Roughly one-quarter of the world’s population lives in the basin of a drying lake, according to the study by a team of international scientists, published Thursday in the journal Science.

While lakes cover only around three per cent of the planet, they hold nearly 90 per cent of its liquid surface freshwater and are essential sources of drinking water, irrigation and power, and they provide vital habitats for animals and plants.

But they’re in trouble.

Lake water levels fluctuate in response to natural climate variations in rain and snowfall, but they are increasingly affected by human actions.

Across the world, the most significant lakes are seeing sharp declines. The Colorado River’s Lake Mead in Southwest US has receded dramatically amid a megadrought and decades of overuse. The Caspian Sea, between Asia and Europe – the world’s largest inland body of water – has long been declining due to climate change and water use.

The shrinking of many lakes has been well documented, but the extent of change – and the reasons behind it – have been less thoroughly examined, said Fangfang Yao, the study’s lead author and a visiting scholar at the Cooperative Institute for Research in Environmental Sciences at the University of Colorado Boulder.

The researchers used satellite measurements of nearly 2,000 of the world’s largest lakes and reservoirs, which together represent 95 per cent of Earth’s total lake water storage.

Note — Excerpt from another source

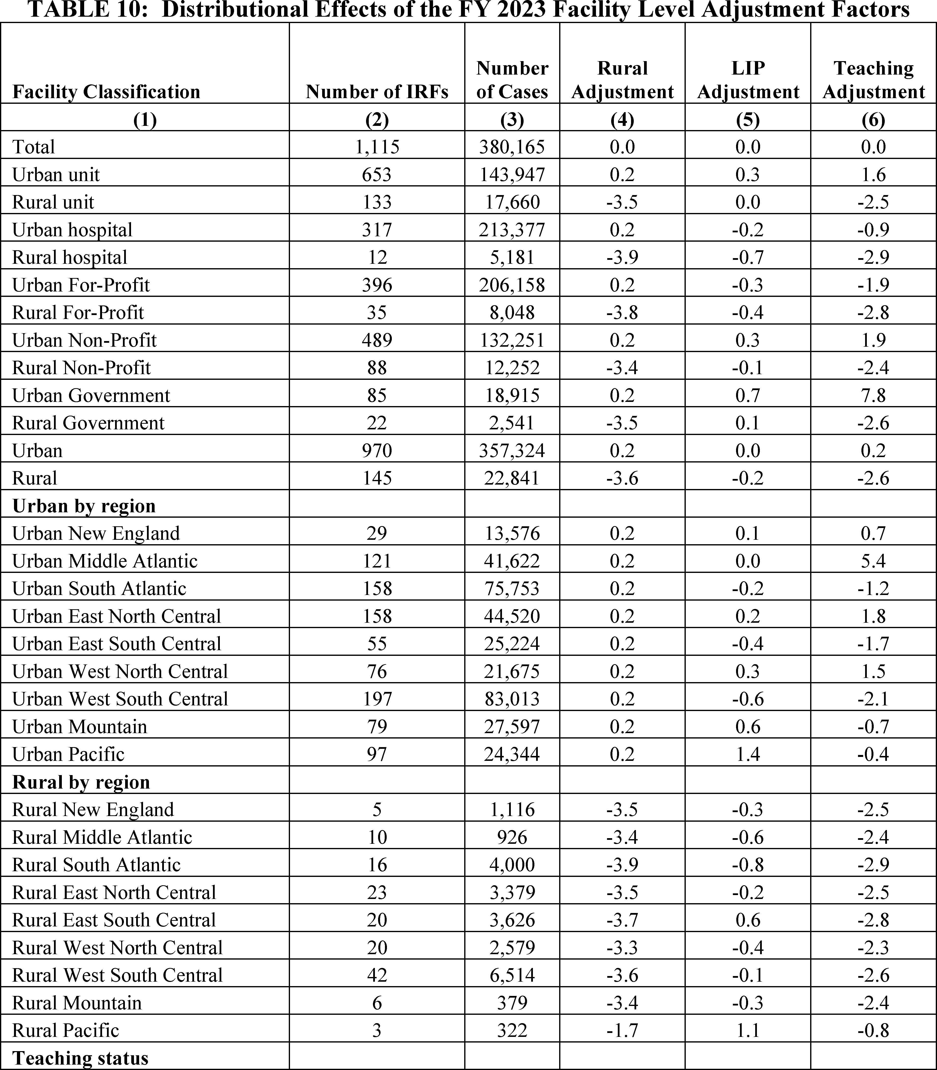 In this final rule, we use the methods described in the FY 2022 IRF PPS final rule (86 FR 42362) to update the prospective payment rates for FY 2023 using updated FY 2021 IRF claims and the most recent available IRF cost report data, which is FY 2020 IRF cost report data. This final rule codifies CMS' existing teaching status adjustment policy through amendments to the regulation text and updates and clarifies the IRF teaching status adjustment policy with respect to IRF hospital closures and displaced residents.

Examining more than 250,000 satellite images spanning from 1992 to 2020, along with climate models, they were able to reconstruct the history of the lakes going back decades.

The results were “staggering,” the report authors said.

They found that 53 per cent of the lakes and reservoirs had lost significant amounts of water, with a net decline of around 22 billion metric tons a year – an amount the report authors compared to the volume of 17 Lake Meads.

More than half of the net loss of water volume in natural lakes can be attributed to human activities and climate change, the report found.

The report found losses in lake water storage everywhere, including in the humid tropics and the cold Arctic. This suggests “drying trends worldwide are more extensive than previously thought,” Yao said.

Different lakes were affected by different drivers.

Unsustainable water consumption is the predominant reason behind the shriveling of the Aral Sea in Uzbekistan and California’s Salton Sea, while changes in rainfall and runoff have driven the decline of the Great Salt Lake, the report found.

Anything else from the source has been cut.